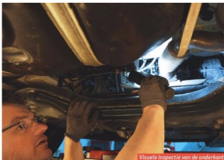
Visuele inspectie van de onderkant.
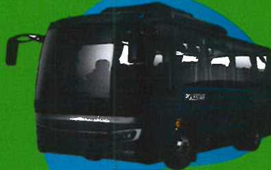
EV Minibus 7.6 m TM-0202
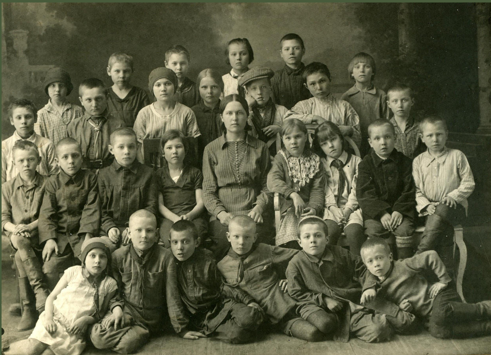
4-й класс 104-й школы. 1934-1935 год.
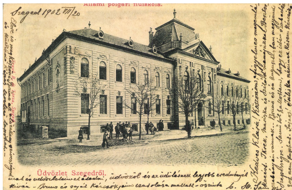
2. kép. A III. kerületi polgári fiúiskola, ma az SZTE Juhász Gyula Pedagógusképző Kar főépülete 6

Az első polgári iskolát 1899-ben államosították, és az 1885-ben az iskola mellett szervezett közép kereskedelmi iskolával együtt a Tisza-partján felépített szép épületbe költözött. A megnövekedett tanulói létszám miatt 1911-ben újra költözni kényszerültek, ezúttal a Madách utcába. A Tisza-parti épület ma a Körösy József Közgazdasági Technikum, az új székhely pedig a Madách Imre Két Tanítási Nyelvű Általános Iskola épülete.
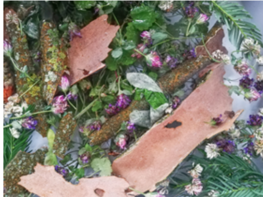
Préparation des plantes préalable à la confection d'une boisson
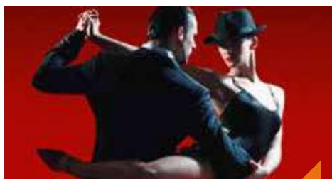
Initiation au tango argentin
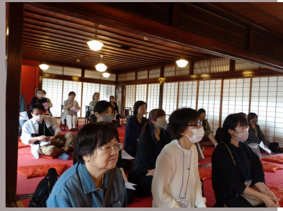
第2陣の参加風景 その②
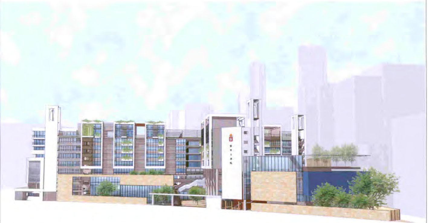
從北面望向校舍入口的構思圖 VIEW OF THE SCHOOL ENTRANCE FROM NORTHERN DIRECTION (ARTIST'S IMPRESSION)
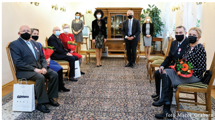
Uroczystości 29 listopada, godz. 14.00.

## Task to carry out
Each line above gets copied exactly; leave the pictures out.

## Expected answer
Visuele inspectie van de onderkant.
EV Minibus 7.6 m TM-0202
4-й класс 104-й школы. 1934-1935 год.
2. kép. A III. kerületi polgári fiúiskola, ma az SZTE Juhász Gyula Pedagógusképző Kar főépülete 6

Az első polgári iskolát 1899-ben államosították, és az 1885-ben az iskola mellett szervezett közép kereskedelmi iskolával együtt a Tisza-partján felépített szép épületbe költözött. A megnövekedett tanulói létszám miatt 1911-ben újra költözni kényszerültek, ezúttal a Madách utcába. A Tisza-parti épület ma a Körösy József Közgazdasági Technikum, az új székhely pedig a Madách Imre Két Tanítási Nyelvű Általános Iskola épülete.
Préparation des plantes préalable à la confection d'une boisson
Initiation au tango argentin
第2陣の参加風景 その②
從北面望向校舍入口的構思圖 VIEW OF THE SCHOOL ENTRANCE FROM NORTHERN DIRECTION (ARTIST'S IMPRESSION)
Uroczystości 29 listopada, godz. 14.00.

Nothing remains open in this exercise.